WHAT YOU NEED TO DO: With the pictures omitted, repeat exactly the lines below starting with the line that has "3.新增历史AQI的曲线记录,周期内污染情况一目了然;" and going on through the line that has "Массовое ДТП произошло".

SOURCE DATA:
============

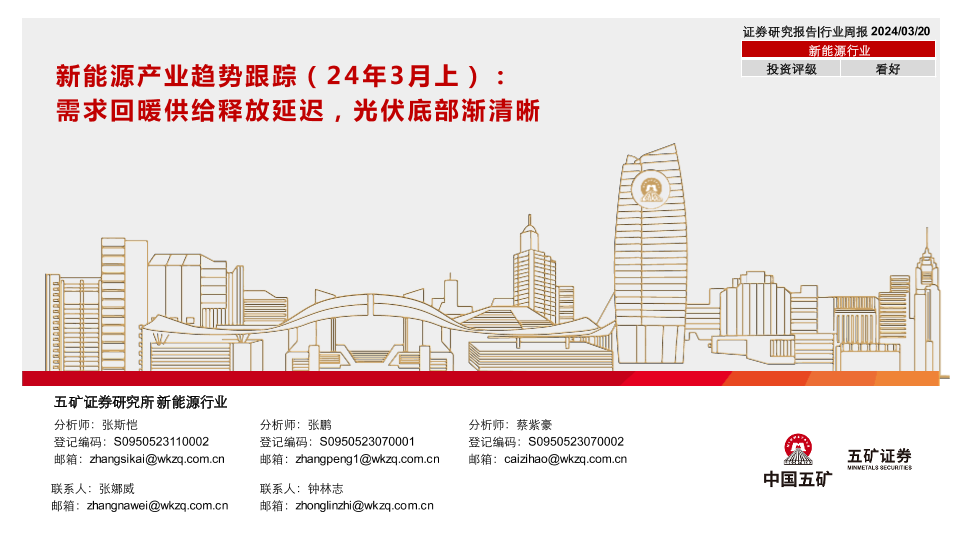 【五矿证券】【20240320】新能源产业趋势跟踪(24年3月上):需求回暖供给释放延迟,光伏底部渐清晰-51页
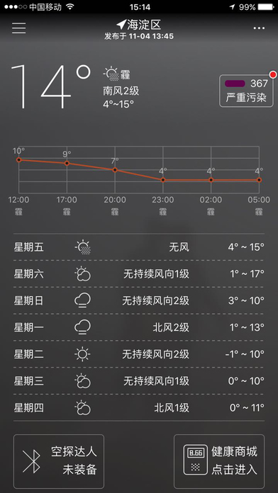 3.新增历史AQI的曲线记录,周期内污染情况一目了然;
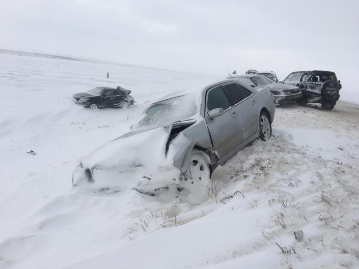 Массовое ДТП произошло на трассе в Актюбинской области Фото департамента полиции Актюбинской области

============

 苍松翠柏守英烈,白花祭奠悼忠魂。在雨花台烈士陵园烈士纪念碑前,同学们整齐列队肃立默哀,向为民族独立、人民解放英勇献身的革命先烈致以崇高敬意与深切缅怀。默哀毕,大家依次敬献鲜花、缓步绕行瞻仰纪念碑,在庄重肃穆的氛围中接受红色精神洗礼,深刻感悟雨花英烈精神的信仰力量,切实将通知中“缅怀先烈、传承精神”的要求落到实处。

============

TASK RESPONSE:
 3.新增历史AQI的曲线记录,周期内污染情况一目了然;
 Массовое ДТП произошло на трассе в Актюбинской области Фото департамента полиции Актюбинской области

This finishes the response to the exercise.